**To do:** Line by line, restate the material word for word, omitting any image.

**Data block:**
○ ○ ○ ○ ○
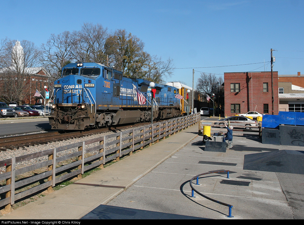 On a beautiful late-Autumn day in Kentucky, two CSX GEs, both still in Conrail blue paint, head up a southbound autorack train through the tranquil town of LaGrange. The train has just exited the three blocks of famous street running through town, as a local enjoying lunch gives the crew a hardy wave from her perch at a picnic table nearby. In the background, the Oldham County Courthouse rises through the bare trees.
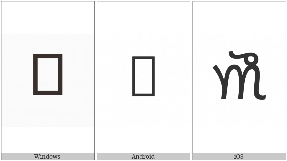 The image below shows how the “Khudawadi Letter Au” symbol might look like on different operating systems. If the font in which this web site is displayed does not contain the symbol and there is no fallback font able to render it, you can use the image below to get an idea of what it should look like.
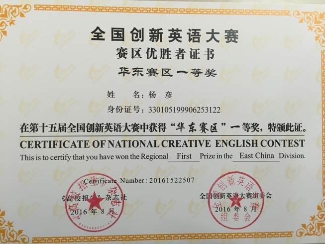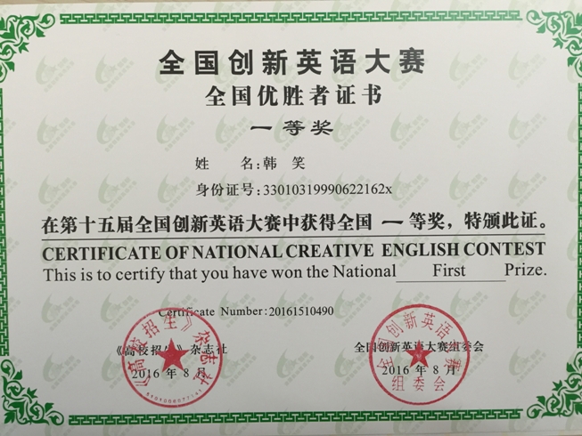 我校学生荣获全国创新英语大赛一等奖
○ ○ ○ ○ ○
**Worked solution:**
 On a beautiful late-Autumn day in Kentucky, two CSX GEs, both still in Conrail blue paint, head up a southbound autorack train through the tranquil town of LaGrange. The train has just exited the three blocks of famous street running through town, as a local enjoying lunch gives the crew a hardy wave from her perch at a picnic table nearby. In the background, the Oldham County Courthouse rises through the bare trees.
 The image below shows how the “Khudawadi Letter Au” symbol might look like on different operating systems. If the font in which this web site is displayed does not contain the symbol and there is no fallback font able to render it, you can use the image below to get an idea of what it should look like.
 我校学生荣获全国创新英语大赛一等奖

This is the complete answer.